Single crystals for data collection were obtained by recrystallization under the following conditions: from hexane at −35 °C (1, 5, 6, 6^Br), from toluene at −35 °C ((4(toluene))₂, 7) or from diethyl ether at −35 °C (8). Each single crystal coated by Apiezon^® grease was mounted on the glass fiber and transferred to the cold nitrogen gas stream of the diffractometer. X-ray data were collected on a BrukerAXS APEXII diffractometer with graphite monochromated Mo-Kα radiation (λ = 0.71073 Å). The data were corrected for Lorentz and polarization effects. An empirical absorption correction based on the multiple measurement of equivalent reflections was applied using the program SADABS [40]. The structures were solved by direct methods and refined by full-matrix least squares against F² using all data (SHELXL-2014/7) [41]. CCDC-1813641–1813647 contain the supplementary crystallographic data for this paper. These data can be obtained free of charge via http://www.ccdc.cam.ac.uk/conts/retrieving.html (or from the CCDC, 12 Union Road, Cambridge CB2 1EZ, UK; Fax: +44-1223-336033; E-mail: [email protected]).
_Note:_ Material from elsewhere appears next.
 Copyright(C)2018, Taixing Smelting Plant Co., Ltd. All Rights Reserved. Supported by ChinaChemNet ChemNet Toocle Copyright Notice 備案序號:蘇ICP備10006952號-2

1: CCDC-1813641; 100 K; C₂₂H₅₈Si₈; Fw 547.40; orthorhombic; space group P_bca (#61); a = 17.3380(16) Å, b = 18.0108(16) Å, c = 22.317(2) Å, V = 6969.0(11) ų, Z = 8, D_calcd = 1.043 Mg/m³, R1 = 0.0218 (I > 2σ(I)), wR2 = 0.0619 (all data), GOF = 1.051.
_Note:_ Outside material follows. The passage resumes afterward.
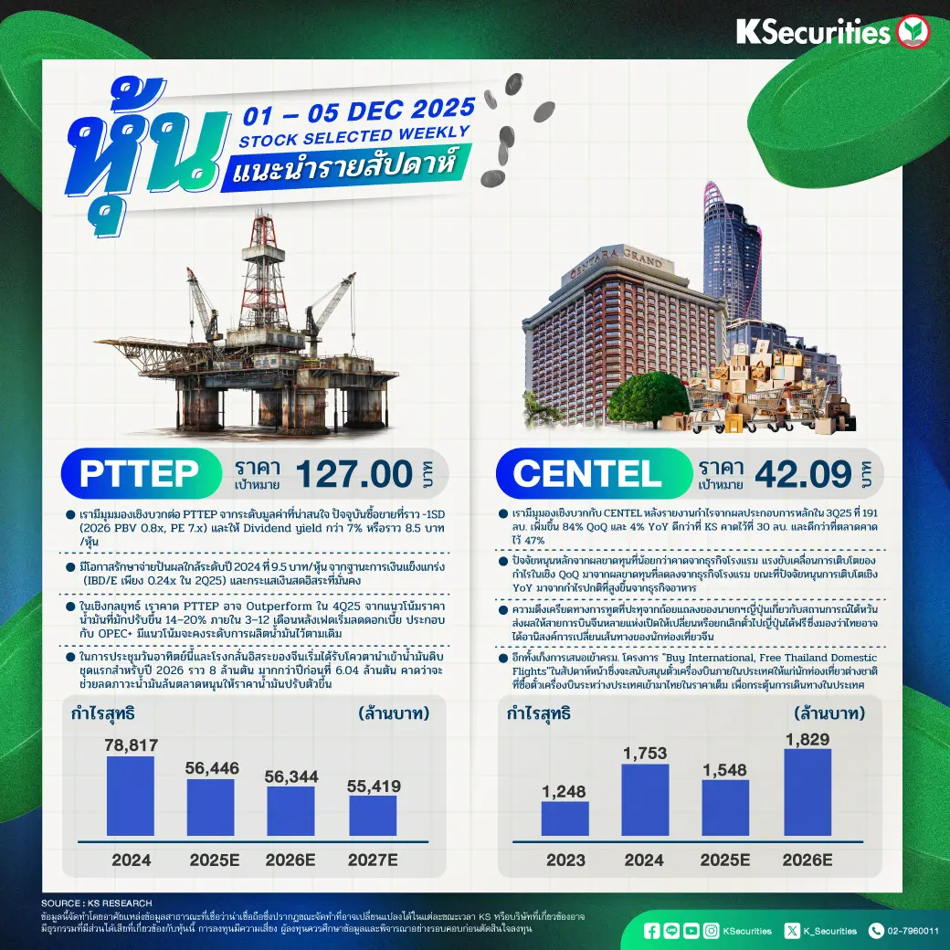 - เรามีมุมองเชิงบวกกับ CENTEL หลังรายงานกำไรจากผลประกอบการหลักใน 3Q25 ที่ 191 ลบ. เพิ่มขึ้น 84% QoQ และ 4% YoY ดีกว่าที่ KS คาดไว้ที่ 30 ลบ. และดีกว่าที่ตลาดคาดไว้ 47%

4: CCDC-1813642; 100 K; C₂₆H₅₇KSi₇; Fw 605.45; monoclinic; space group P2₁/n (#14), a = 15.7323(17) Å, b = 11.7003(13) Å, c = 21.031(2) Å, β = 107.1880(10)°, V = 3698.4(7) ų, Z = 4, D_calcd = 1.087 Mg/m³, R1 = 0.0234 (I > 2σ(I)), wR2 = 0.0642 (all data), GOF = 1.049.
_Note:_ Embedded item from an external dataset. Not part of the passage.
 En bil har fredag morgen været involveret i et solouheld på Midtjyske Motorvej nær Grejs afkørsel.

5: CCDC-1813643; 100 K; C₂₅H₆₄Si₈; Fw 589.48; monoclinic; space group P2₁/n (#14), a = 9.0608(19) Å, b = 37.640(8) Å, c = 11.263(2) Å, β = 103.230(2)°, V = 3739.3(14) ų, Z = 4, D_calcd = 1.047 Mg/m³, R1 = 0.0729 (I > 2σ(I)), wR2 = 0.1806 (all data), GOF = 1.335.

6: CCDC-1813644; 100 K; C₃₃H₅₈Si₇; Fw 651.42; monoclinic; space group P2₁/c (#14), a = 17.7493(8) Å, b = 9.0323(4) Å, c = 23.7624(10) Å, β = 91.2830(10)°, V = 3808.6(3) ų, Z = 4, D_calcd = 1.136 Mg/m³, R1 = 0.0320 (I > 2σ(I)), wR2 = 0.0847 (all data), GOF = 1.038.

6^Br: CCDC-1813645; 100 K; C₃₃H₅₇BrSi₇; Fw 730.32; triclinic; space group P-1 (#2), a = 9.0529(3) Å, b = 11.9109(4) Å, c = 19.1793(7) Å, α = 93.9480(10)°, β = 90.1810(10)°, γ = 109.1330(10)°, V = 1947.47(12) ų, Z = 2, D_calcd = 1.245 Mg/m³, R1 = 0.0263 (I > 2σ(I)), wR2 = 0.0701 (all data), GOF = 1.043.

7: CCDC-1813646; 100 K; C₄₄H₅₈Si₆·C₇H₈; Fw 847.57; triclinic; space group P-1 (#2), a = 11.0302(9) Å, b = 12.8081(10) Å, c = 15.7049(13) Å, α = 95.628(2)°, β = 98.481(2)°, γ = 90.755(2)°, V = 2361.1(3) ų, Z = 2, D_calcd = 1.192 Mg/m³, R1 = 0.0350 (I > 2σ(I)), wR2 = 0.0954 (all data), GOF = 1.025.

8: CCDC-1813647; 173 K; C₃₈H₉₈Si₁₄; Fw 948.42; triclinic; space group P-1 (#2), a = 11.4093(11) Å, b = 15.6821(15) Å, c = 19.5623(19) Å, α = 84.8020(10)°, β = 75.9110(10)°, γ = 71.9750(10)°, V = 3227.8(5) ų, Z = 2, D_calcd = 0.976 Mg/m³, R1 = 0.0266 (I > 2σ(I)), wR2 = 0.0759 (all data), GOF = 1.039.

4. Conclusions

We successfully synthesized 1,2-bis(trimethylsilyl)-1,2-disilacyclhexene 1 and converted the silyl group(s) to the functional group(s). Noticeably, two silyl groups in 1 can be replaced stepwise by anthryl groups, which suggests that 1 can serve as a unit of cis-1,2-dialkyldisilene for novel extended π-electron systems. As the introduction of heteroatoms into sp²-carbon-based nanocarbon materials such as polycyclic aromatic hydrocarbons, fullerenes and graphenes has received substantial attention, nanocarbon materials in which the Si=Si double bond was introduced into the peripheral position by using functionalizable disilenes such as 1 may provide novel, fascinating nanosilicon–carbon hybrid materials.